The Assembly and Characterization of Hemoglobin-based Oxygen Carriers with Antioxidant Properties

For the body to carry out basic metabolic activities, there is a constant need for the supply of oxygen towards its tissues and cells. Loss of oxygen supply can be caused by blood diseases such as hemophilia, ischemia, and chronic anemia or due to blood loss during traumatic injury and surgery. To replenish the oxygen carrying capacity within the body, the transfusion of donor whole blood or isolated red blood cells (RBCs) is a well-established clinical procedure.

However, the usage of donor RBCs comes with drawbacks such as the need for typing and cross-matching, limited availability, and short shelf life with specific storage requirements. Therefore, research efforts have been dedicated to fabricating hemoglobin (Hb)-based oxygen carriers (HBOCs), which are able to replace or complement standard transfusion procedures.

Hb is the main component of RBCs and is responsible for ~98% of blood’s oxygen carrying capacity. However, stroma-free Hb cannot be administered directly as blood substitute due to various adverse effects related to the protein’s dissociation, extravasation into the smooth muscle tissue, and saturation of the Hb-removal pathways.

To overcome the Hb’s toxicity while preserving its functionality, Hb is either chemically modified or entrapped within an encapsulation platform. In this PhD thesis, we employed a polymeric-based nanocarrier and Hb was either encapsulated in its core or adsorbed onto its surface without the need to chemically modifying the protein.
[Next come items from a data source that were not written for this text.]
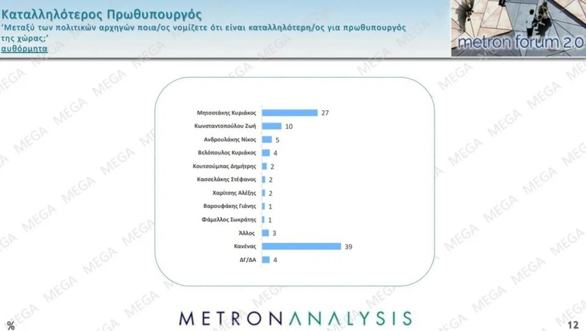 Όσον αφορά την καταλληλότητα για πρωθυπουργός ο Κυριάκος Μητσοτάκης παραμένει καταλληλότερος με ποσοστό 27%. Ακολουθεί πίσω με 10% η Ζωή Κωνσταντοπούλου, ο Ν. Ανδρουλάκης με 5%. Ο «κανένας» συγκεντρώνει 39%.
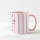 Brighten someone's morning with this adorable "Silly Goose" personalized mug! Featuring a whimsical hand-drawn goose in yellow rain boots and a pink bow, this design is set against a classic baby pink and white vertical stripe background.
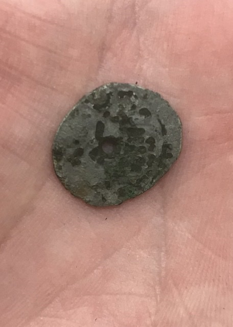 Здравствуйте!обращаюсь за помощью в опознании и оценке монеты, мне показалось что дирхем,особо не разбираюсь,не судите строго. Материал,на мой взгляд,серебро. Место обретения:Юг МО,вес узнать не могу,но показалось толще чешуи Грозного раза в полтора больше,не ясно и назначение отверстия в центре. Заранее большое спасибо
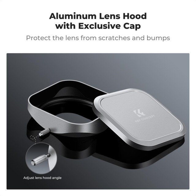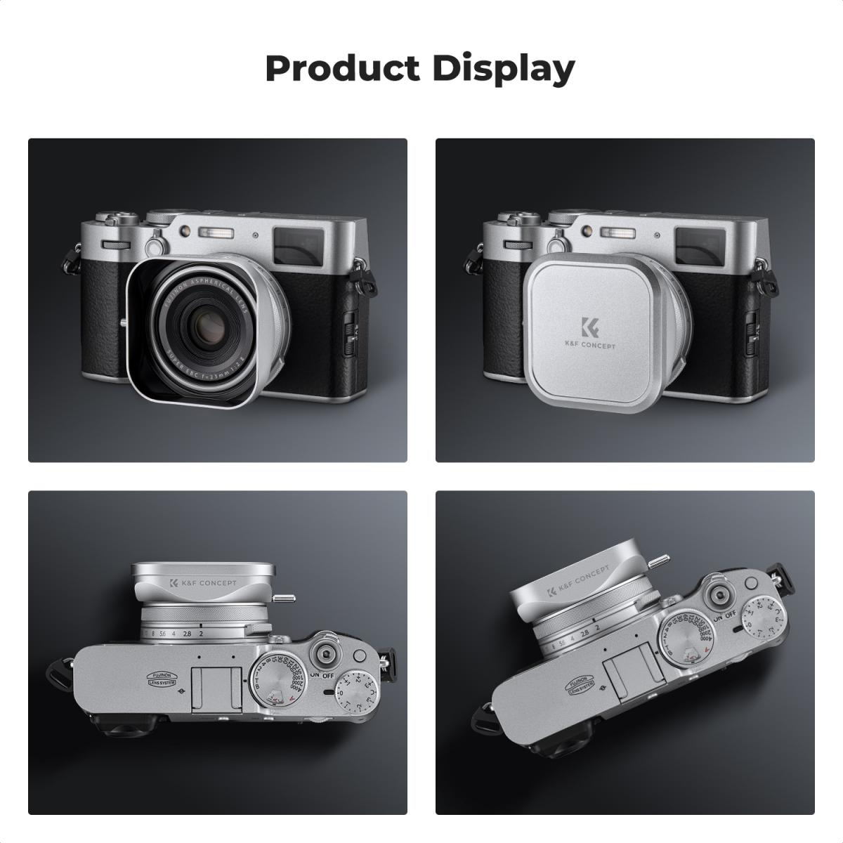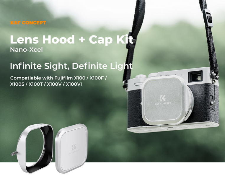 Fuji X100 Tapa del objetivo + protector del objetivo. Compatible con Fuji X100, X100F, X100S, X100T, X100V y X100VI. Un parasol y una tapa de objetivo de diseño exclusivo para los filtros de las cámaras de la serie Fuji X100, que combinan a la perfección con el clásico aspecto retro de la cámara.

Next, the Hb’s functionality has to be protected against the oxidation of Hb into non-functional methemoglobin, a process that occurs over time and is accelerated by the presence of reactive oxygen species (ROS). Thus, to inhibit or retard the oxidation of Hb, an antioxidant system is incorporated. The incorporation of nanozymes was assessed, which are a type of nanoparticles (NPs) that display enzymatic activity.

Specifically, cerium oxide (CeO2)-NPs were employed, which have shown superoxide dismutase-like and catalase-like activity. Polydopamine (PDA) was furthermore explored to facilitate surface modification and to protect the Hb structure and functionality. Finally, to provide the nanocarrier system with stealth properties, poly(L-lysine)-graft-poly(ethylene glycol) (PLL-g-PEG) and RBC membrane (RBC-M) coatings were employed.

PEG is regarded as the golden standard to obtain stealth coating and has been widely explored. Alternatively, RBC-M is novel biological-derived stealth coating, which employs the RBC’s surface properties to achieve long circulation. First, HBOC with antioxidant properties were prepared by depositing PDA-coated Hb (HbPDA), CeO2-NPs, and PLL-g-PEG onto a poly(lactide-co-glycolide) (PLGA)-NP core.

The assembly was thoroughly assessed by evaluating the functionality of the different components prior and after deposition onto the nanocarrier system. It was shown the HbPDA had preserved protein structure and functionality, the CeO2-NPs were able to deplete ROS, and the PLL-g-PEG reduced the protein adsorption and cell association/uptake.

Furthermore, the complete HBOC system was shown to be biocompatible, hemocompatible, and was able to deplete ROS for at least five cycles. Next, the PLGA-NPs were evaluated by their ability to entrap Hb within their core, thereby increasing the Hb content of the HBOCs. Hb-loaded PLGA-NPs (PLGAHb-NPs) were fabricated using the double emulsification solvent evaporation method, where the effect of Hb, PLGA, and emulsifier concentration was assessed.

Optimal fabrication parameters were chosen to prepare functional PLGAHb-NPs with improved Hb-content and a good size distribution. Finally, to improve the stealth properties of the HBOC, the usage of RBC-M as a stealth coating was investigated. The PLGAHb-NPs were used as NP cores to deposit CeO2-NPs onto, followed by RBC-M coating.

The PLGAHb-NPs were shown to reversibly bind and release oxygen, while the ROS scavenging and storage stability of the CeO2-NPs were further assessed in comparison to the native enzymes. For the RBC-M deposition, three methodologies, namely the sonication, extrusion, and combination method were assessed and the RBC-M’s ability to reduce protein adsorption was demonstrated.

It was furthermore shown that the RBC-M did not affect the underlaying compounds, yielding RBC-M coated nanocarriers with retained oxygen carrying capacity and ROS depletion ability, thus making the as-prepared nanocarriers potent HBOCs with antioxidant properties.